Set down the data below in full and exactly, minus the pictures.

> GIVEN MATERIAL:
--

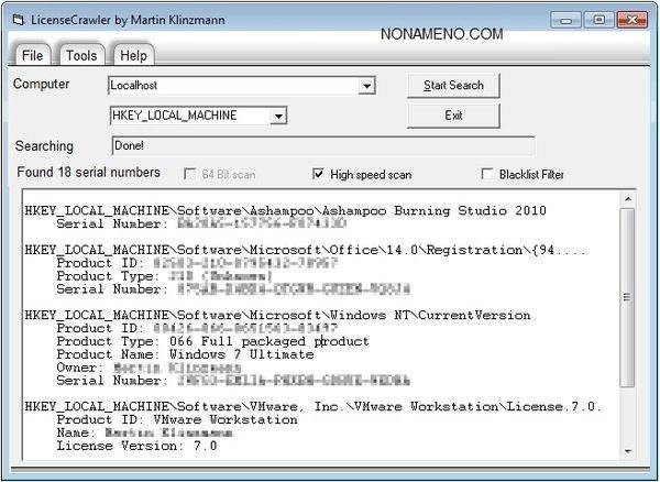 LicenseCrawler поиск лицензий от программ - в случае, если вы желаете вновь произвести настройки своего компьютера, вам нужно иметь в наличии лицензии и серийные номера для всех программ те, что вы купили и зарегистрировали. Это охватывает ключ самой Windows, а точно также иные серийные номера для таких приложений, как, например Nero, Office, VMWare и практически всех остальных приложений.
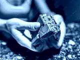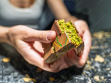 A detailed close up of a woman's hands breaking open the viral Dubai chocolate with its famous crunchy pistachio filling
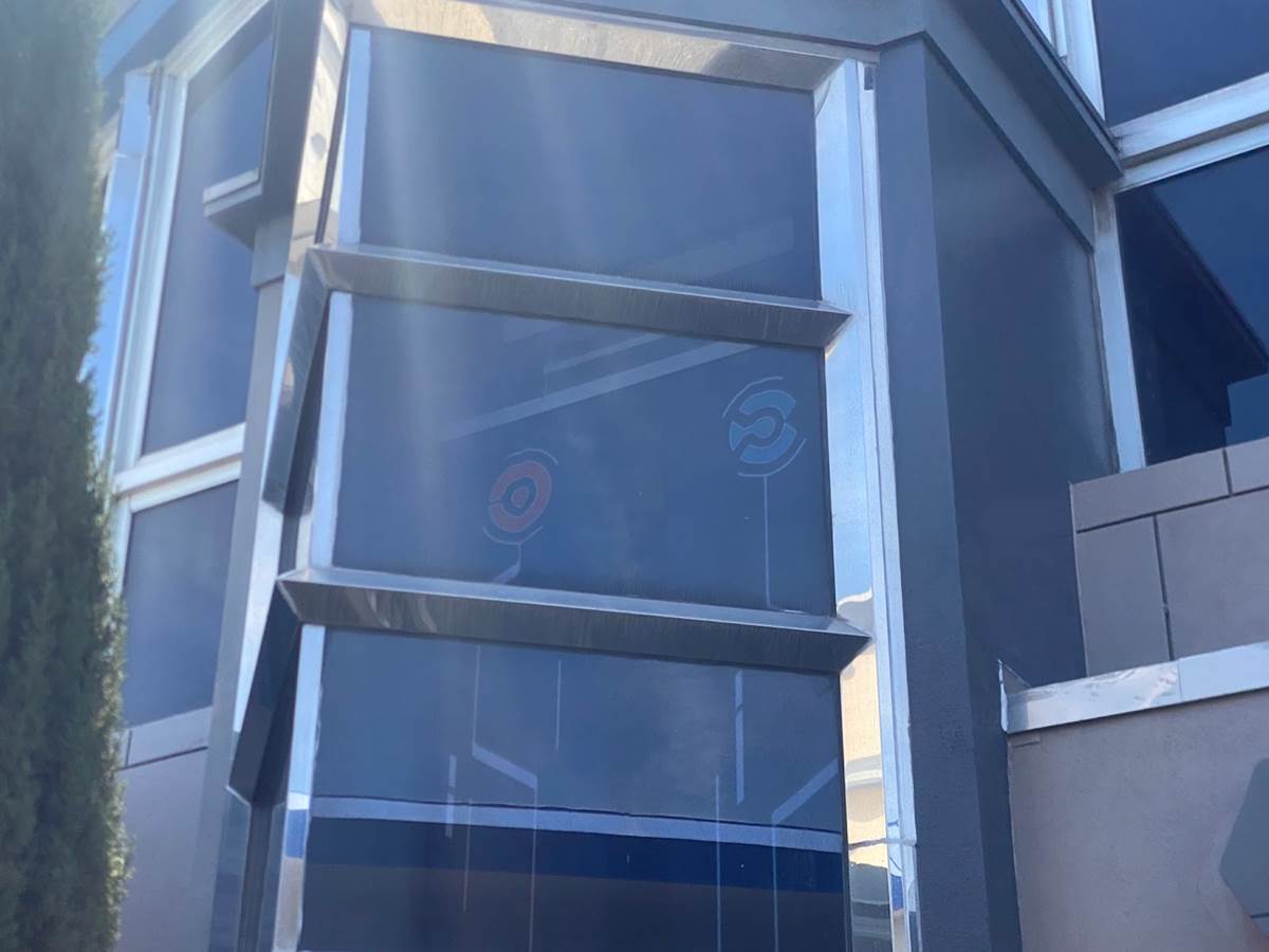 - While most of the windows remain blacked out, we could spot a few TRON-inspired designs through this large window.

--

> SOLUTION FOR THIS TASK:
 LicenseCrawler поиск лицензий от программ - в случае, если вы желаете вновь произвести настройки своего компьютера, вам нужно иметь в наличии лицензии и серийные номера для всех программ те, что вы купили и зарегистрировали. Это охватывает ключ самой Windows, а точно также иные серийные номера для таких приложений, как, например Nero, Office, VMWare и практически всех остальных приложений.
 A detailed close up of a woman's hands breaking open the viral Dubai chocolate with its famous crunchy pistachio filling
 - While most of the windows remain blacked out, we could spot a few TRON-inspired designs through this large window.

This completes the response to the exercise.